I am working on a clustering analysis where my data is a mix of bool and numeric. From research it looks like one should not do a simple kmeans with mixed data types since the extreme end of scaled data will make the bools of 1/0 dominate.

The general gist of what I found online was to use a gower difference matrix which I did using `cluster::daisy()`

. But, nevertheless, both on my actual data set and on the diamonds example below, I get perfect separation in clusters based on the booleans. This must be 'wrong' since the goal of using a gower matrix was to be able to cluster on mixed data types to avoid this kind of problem. So I'm hoping someone can spot where I might have misunderstood or offer some pointers.

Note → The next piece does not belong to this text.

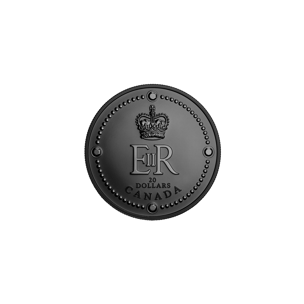 Le chiffre royal de la reine Élisabeth II est l'un des symboles les plus reconnaissables du règne historique, et la plupart des Canadiens sont habitués à le voir sur les insignes d'ordres, de décorations, de médailles et d'insignes. Le dispositif personnel de la reine Élisabeth II a été synonyme de couronne et a servi de symbole de souveraineté au Canada pendant 70 ans. Il a été recréé et préservé à jamais sur cet insigne en argent pur 99,99 % plaqué rhodium noir, qui rend hommage à la reine Élisabeth II, gardienne de la continuité qui a également propulsé la monarchie dans les temps modernes.

My Rmd script to reproduce:

```
knitr::opts_chunk$set(echo = TRUE)
pacman::p_load(tidyverse, cluster, dbscan)
```

Get a shortened version of diamonds with a mix of bool and numeric data.

```
my_diamonds <- diamonds |>
sample_n(20000) |>
mutate(
is_premium = ifelse(cut == 'Premium', 1, 0),
is_color_def = ifelse(color %in% c('D', 'E', 'F'), 1, 0)
) |>
select(carat, is_premium, is_color_def, depth:x)
```

Create a gower difference matrix using cluster::daisy(). Specify the bool fields in `type = list(symm = c('is_premium', 'is_color_def')`

.

As I understand it, since I'm calculating a difference matrix I don't have to scale or transform the data,

```
# create a gower distance matrix since we have mixed data types (bool and numeric)
gower_dist <- daisy(my_diamonds, metric = "gower", stand = T, type = list(symm = c('is_premium', 'is_color_def')))
gower_dist |> summary()
199990000 dissimilarities, summarized :
Min. 1st Qu. Median Mean 3rd Qu. Max.
0.0000 0.1143 0.1967 0.2042 0.2895 0.6926
Metric : mixed ; Types = I, S, S, I, I, I, I
Number of objects : 20000
```

See if this plot helps choose values for eps in dbscan

```
# Determine optimal eps value to start with
dbscan::kNNdistplot(gower_dist, k = 100) # no idea what to put for K
# no kink or 'knee'
```

Run dbscan() using the difference matrix.

```
# Perform DBSCAN clustering
dbscan_result <- dbscan(gower_dist, eps = 0.02, minPts = 10) # eps from median of summary(gower_dist)
# Get cluster labels
cluster_labels <- dbscan_result$cluster
# Get noise points (not assigned to any cluster)
noise_points <- which(cluster_labels == 0)
# Get number of clusters
num_clusters <- max(cluster_labels)
cat("Number of Clusters:", num_clusters, "\n")
cluster_labels |> table()
# Print the results
my_diamonds$cluster <- cluster_labels
my_diamonds %>%
group_by(cluster) %>%
summarize(count = n(), across(everything(), list(avg = ~ mean(., na.rm = TRUE)), .names = "{.col}_{.fn}")) %>%
select(count, everything())
```

Results print out as:

```
Number of Clusters: 4
cluster_labels
0 1 2 3 4
197 7273 7530 2736 2264
```

And the data frame with average of each var per cluster. You can see that the bool vars highlighted are 1 or 0 indicating perfect separation:

Have I misunderstood how to use daisy with mixed data types? Must I transform my difference matrix in someway?

How can I get around this perfect separation of clusters that the boolean vars create?

[edit]

I tried adding weights to the bools when I create the dissimilarity matrix like so:

```
weights <- c(1, 0.05, 0.05, 1,1,1,1) # bools weighted tiny now
gower_dist <- daisy(my_diamonds, metric = "gower", stand = T, weights = weights, type = list(symm = c('is_premium', 'is_color_def')))
```

But the issue persists, the bools cause perfect separation.